0.5 + ln((1+√e)/(1+e))

Answer 2

The problem asks to evaluate the definite integral $\int_{0.5}^{1}\frac{dx}{1+e^x}$.

First, we find the indefinite integral $\int \frac{dx}{1+e^x}$. Let $I = \int \frac{dx}{1+e^x}$. We can use a substitution method or algebraic manipulation.
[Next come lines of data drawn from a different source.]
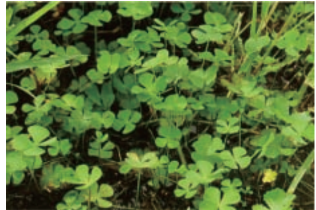
デンジソウ Marsilea quadrifolia
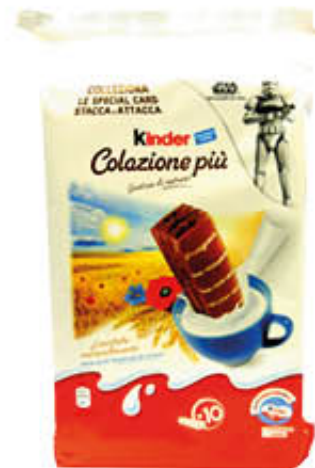
KINDER COLAZIONE PIÙ 10 Pezzi
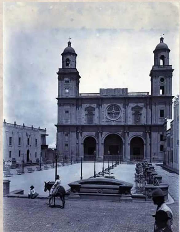
Fachada neoclásica sin el templete de Laureano Arroyo.

Method 1: Algebraic Manipulation Multiply the numerator and denominator by $e^{-x}$: $I = \int \frac{e^{-x} dx}{e^{-x}(1+e^x)} = \int \frac{e^{-x} dx}{e^{-x}+1}$ Let $u = e^{-x}+1$. Then $du = -e^{-x} dx$, which means $e^{-x} dx = -du$. Substitute these into the integral: $I = \int \frac{-du}{u} = -\ln|u| + C$ Substitute back $u = e^{-x}+1$: $I = -\ln(e^{-x}+1) + C$ Simplify the expression: $I = -\ln\left(\frac{1}{e^x}+1\right) + C = -\ln\left(\frac{1+e^x}{e^x}\right) + C$ Using logarithm properties $\ln(a/b) = \ln a - \ln b$: $I = -(\ln(1+e^x) - \ln(e^x)) + C$ $I = -\ln(1+e^x) + \ln(e^x) + C$ Since $\ln(e^x) = x$: $I = x - \ln(1+e^x) + C$

Method 2: Substitution and Partial Fractions Let $t = e^x$. Then $dt = e^x dx$, so $dx = \frac{dt}{e^x} = \frac{dt}{t}$. Substitute these into the integral: $I = \int \frac{1}{1+t} \cdot \frac{dt}{t} = \int \frac{1}{t(1+t)} dt$ Decompose the integrand using partial fractions: $\frac{1}{t(1+t)} = \frac{A}{t} + \frac{B}{1+t}$ Multiply by $t(1+t)$: $1 = A(1+t) + Bt$. Set $t=0 \implies 1 = A(1) \implies A=1$. Set $t=-1 \implies 1 = B(-1) \implies B=-1$. So, $\frac{1}{t(1+t)} = \frac{1}{t} - \frac{1}{1+t}$. Now integrate: $I = \int \left(\frac{1}{t} - \frac{1}{1+t}\right) dt = \ln|t| - \ln|1+t| + C$ Substitute back $t = e^x$: $I = \ln(e^x) - \ln(1+e^x) + C$ $I = x - \ln(1+e^x) + C$

Now, we evaluate the definite integral using the limits $0.5$ and $1$: $\int_{0.5}^{1}\frac{dx}{1+e^x} = [x - \ln(1+e^x)]_{0.5}^{1}$ Apply the limits: $= (1 - \ln(1+e^1)) - (0.5 - \ln(1+e^{0.5}))$ $= (1 - \ln(1+e)) - (0.5 - \ln(1+\sqrt{e}))$ $= 1 - \ln(1+e) - 0.5 + \ln(1+\sqrt{e})$ Combine the constant terms and logarithm terms: $= (1 - 0.5) + (\ln(1+\sqrt{e}) - \ln(1+e))$ $= 0.5 + \ln\left(\frac{1+\sqrt{e}}{1+e}\right)$

The final answer is $\boxed{0.5 + \ln\left(\frac{1+\sqrt{e}}{1+e}\right)}$.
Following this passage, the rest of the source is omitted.